• **Description of the task**:
Retype the data below verbatim; pictures do not belong in the copy.

Data extracted from a collection:
════════════════
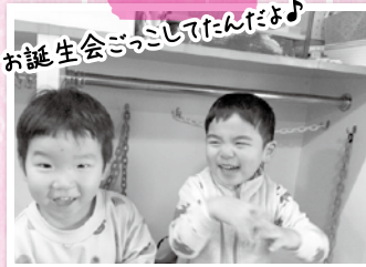
お誕生会ごっこしてたんぽよ♪
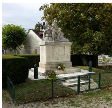
Vue depuis l'est. IVR32_20206000095NUC2A
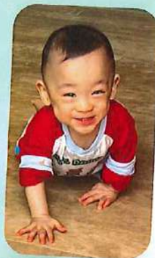
いろいろな所に 大移動!
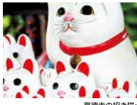
豪徳寺の招き猫
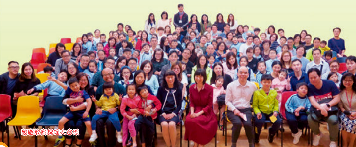
親職教育課程大合照
════════════════
• **Task answer**:
お誕生会ごっこしてたんぽよ♪
Vue depuis l'est. IVR32_20206000095NUC2A
いろいろな所に 大移動!
豪徳寺の招き猫
親職教育課程大合照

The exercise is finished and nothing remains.